Steering returnability (B) refers to the ability of the vehicle to automatically return to the straight-line driving state after steering control, which is also important for the handling, stability, and safety of the vehicle. A good steering performance ensures that the driver can easily restore the vehicle to a straight line after steering, reducing the risk of driver fatigue and difficult handling. Usually, the steering alignment performance of vehicles can be improved by adjusting the settings of the suspension system, adjusting the parameters of the steering system, selecting the appropriate tire type and specifications, and equipping the system with an electronic auxiliary system. Moreover, the regular maintenance of the steering system and suspension system of vehicles is the key to maintaining the alignment performance. In the subordinate hierarchy of B, a slight rotation at high speeds (B₃) and slow normal steering (B₄) are more obvious, and these two performance indicators should therefore be paid more attention to.

Similarly, lateral acceleration (C₁) is associated with the steering wheel middle area performance (C), the mechanical mechanism design (E₂) is associated with the assisting characteristic (E), and the roughness of the road surface (D₂) is associated with the steering wheel vibration (D); these are also important performance indicators that need more attention.

5.1.3. Cloud Parameters of Various Factors in EPS System

In the EPS system, the principle of a reverse cloud generator is used to obtain the cloud parameters. That is, the scores of nine experts regarding the actual work of an EPS are substituted into Equation (14), and the cloud parameters of each index in Figure 1 are obtained.
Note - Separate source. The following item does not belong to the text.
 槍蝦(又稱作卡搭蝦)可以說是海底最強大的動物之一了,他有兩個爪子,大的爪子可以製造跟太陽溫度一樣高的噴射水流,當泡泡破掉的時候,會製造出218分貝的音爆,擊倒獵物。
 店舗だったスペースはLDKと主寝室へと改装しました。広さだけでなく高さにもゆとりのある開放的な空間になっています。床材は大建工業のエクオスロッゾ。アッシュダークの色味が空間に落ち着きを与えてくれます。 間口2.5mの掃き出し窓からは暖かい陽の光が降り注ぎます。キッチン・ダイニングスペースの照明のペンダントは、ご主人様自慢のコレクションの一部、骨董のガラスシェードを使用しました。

The specific values are shown in Table 3 and Table 4.

As can be seen from Table 3 and Table 4, the Ex of the performance indicators at the factor level exceeds 70 points. According to the grading of the performance evaluation of the EPS system, we can determine that most indicators are in a good stage. However, the Ex of the steering wheel angle (C₂) and torque fluctuation at low speeds (D₃) is lower, which indicates that the good working condition of the EPS system cannot be satisfied; this affects the comfort and stability of the vehicle. On the whole, the Ex of the working indicators of the state layer is between 60 and 80, which indicates that the system is in good working condition.
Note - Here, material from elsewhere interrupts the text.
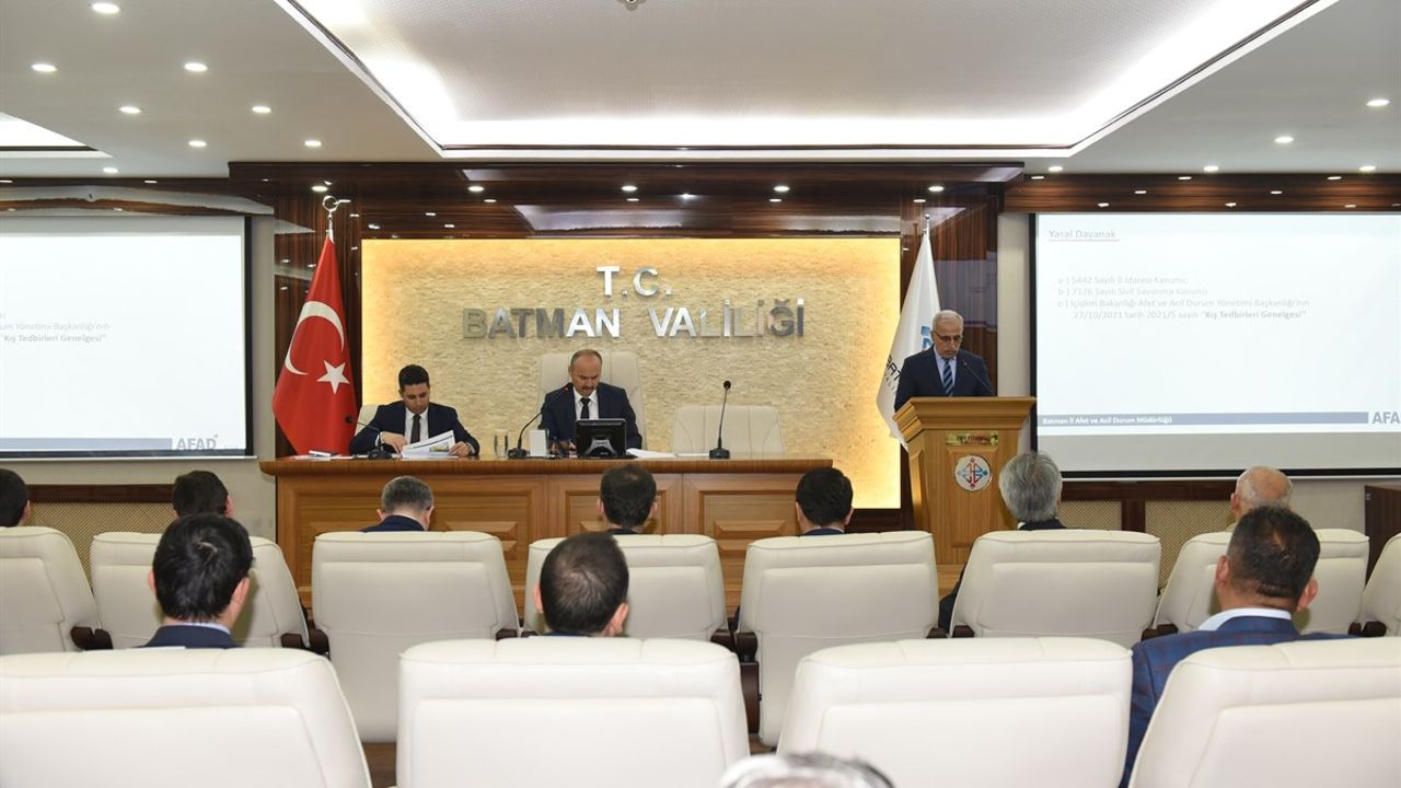 İl Afet Acil Durum ( AFAD ) Müdür Vekili Sait Yel, İl Sağlık Müdürü Semih Canpolat, İl Özel İdaresi Genel Sekreteri Abdulkadir Özer, Karayolları Bölge Şefi Fehmi Değirmen ve Batman Belediyesi Fen İşleri Müdür Vekili Afif Çelebi tarafından kış tedbirlerine yönelik kurumlarca yapılan hazırlık çalışmaların ilişkin bilgilendirme sunumları yapıldı.

In addition, the En of the working index of the EPS system’s factor layer is basically between 5 and 6, which shows that the scores of the nine experts are relatively concentrated and that the scoring results have good data adhesion. However, the En of performance C and D of the steering wheel is large, and the evaluation of appraisers is random and the score range is large. Therefore, it is necessary to conduct an experimental review of these two performances.
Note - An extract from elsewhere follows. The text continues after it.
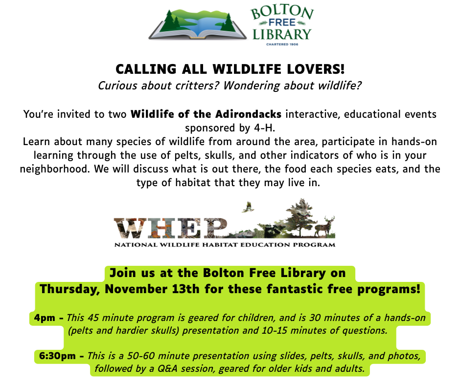 The Lake Placid Education Foundation Fund at Adirondack Community Foundation has awarded the Bolton Free Library a grant to purchase a high-resolution projector, to enhance the quality and enjoyment of our events and programs. We are so excited to receive this funding and be able to offer our presenters and patrons a high-quality visual experience.

5.2. Comprehensive Evaluation

The weights and cloud parameters of each index in Table 3 are synthesized based on Equation (15). Finally, the comprehensive evaluation cloud model parameters of the EPS system performance are U (Ex^V, En^V, He^V) = U (74.31, 6.08, 0.96). According to the maximum membership principle and comprehensive evaluation method, the cloud parameters are compared with the comment sets (V₁, V₂, V₃, V₄) by using Matlab; the results are shown in Figure 5 (orange).

Figure 5 shows the comprehensive evaluation results regarding the performance of the EPS. The evaluation cloud drops (orange) representing the working performance of the EPS are relatively concentrated, En and He are reliable, and the comprehensive evaluation results are efficient. The distribution position of the orange cloud droplets is between the good and excellent comment set, and the overall situation is closer to good, which is consistent with the conclusion produced by the experts’ field investigation.

The result shows that there are some minor damages to the EPS system that do not affect normal use. However, some parts that are easily damaged should be paid special attention to; this is in order to prevent the defects of minor parts from interfering with the normal working state of the whole EPS system, which would affect the handling, stability, and safety of the vehicle, and strive to achieve the best driving effect with minimum loss.

5.3. Method Demonstration

In order to verify the accuracy of the evaluation method in this paper, a comparison is made with reference [24] at the end of the case analysis. Reference [24] uses the fuzzy evaluation method improved by cloud theory to comprehensively evaluate the target. The EPS comprehensive cloud parameter obtained in this paper is U (Ex^V, En^V, He^V) = U (74.31, 6.08, 0.96), which indicates that the EPS’s overall situation is closer to good; however, the calculation result in reference [24] is U (Ex^V, En^V, He^V) = U (61.44, 7.68, 1.98) and the results are shown in Figure 5 (green), which indicates that the EPS cannot reach the GOOD level and needs to be properly disassembled for maintenance.

By comparing the two results to the test results presented in reference [23], it is clear that the conclusion of this paper is more in line with reality, and EPS has a good working performance and the loss that occurs does not affect the subsequent driving experience. The calculation results of reference [24] are different from the actual situation, mainly because it only uses fuzzy evaluation to determine the weight of factors; this has a strong subjective influence and induces obvious and sudden state interference in some components, which easily causes certain deviations in the final comprehensive evaluation results.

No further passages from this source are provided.